Musea's Worldwide Favorite Music LIST
"100 Plus Favorite Music from Youtube and Myspace"
http://musea.wordpress.com/2008/12/10/100-plus-best-music-from-youtube-and-myspace/
For music to thrive in this century - instead of rehashing last centiuries music, I think we need to do two things. One oppose rock because it has become everything it started out opposing - and there is no music on planet earth that has ever become more mainstream established boring, narrow, and bland.
And two we have to get back to basics. That's what I'm doing with my beat up guitar and post-bands music - one of the few new types of music this century. I don't play in the same place (box office instead of a club) I don't play with electric guitars or in a band ( I play a beat up 1964 standard Silvertone bought from Sears), I love to take requests from anyone in the world in what may be the first world request and dedication weekly live performances, I play every genre of music I can, including instrumentals, originals and covers, I'll never sign with the Big Four. In other words I'll do anything to break the dull rules that bands seem determined to follow.
Instead I say dump over production, get back to melody, write good songs - even hits or better yet leave it to songwriters who know how, have lyrics that make sense, sing about your life with real events, be honest in the music - no trendy puff whining, strive for innovative musicianship with technique, play for people not fame, and rebel against SOMETHING - anything - what you believe in!
Enough of us do that and we have a music revolution right here in Dallas.

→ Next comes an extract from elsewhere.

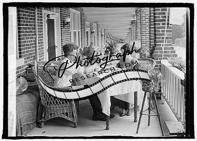 Man,woman eating at table,front porch of row house,1924,National Photo Company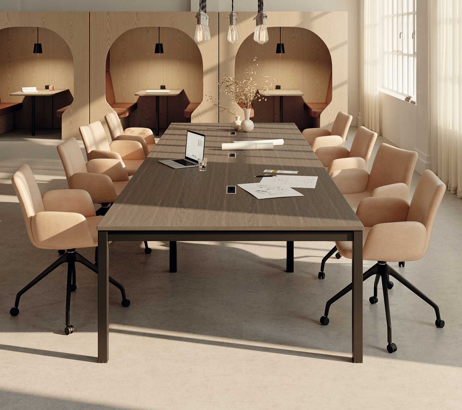 Propice à la détente et aux échanges, Harmony Group vous accompagne également dans l’aménagement des espaces informels grâce à sa vaste collection de cabines ou alcôves acoustiques entièrement équipées (banquette en tissu, table de travail, système d’électrification, luminaire …).

The beauty of original rock that people today are trying to ape seems to allude them. The music of the last decades has drifted into two separate mainstreams ;
The psychotic hard beat violent crowd
The mushy whiney me-me-me melodic pop.
The reason rock and roll was so good in it's earlier days was that it had both a beat and a melody, energy and a heart. It didn't drift off into one side or the other.
Time for a reckoning. Musicians can either fit in - like every band on earth now, or they can stand out for something that rebels against the blandness.
Sure the majority is opposed to what I say. When has it been that new music fit in with the crowd?
I find great music everywhere from every continent that is breaking the rules (see list above). I applaud them whether they are from Australia, Japan or Denton.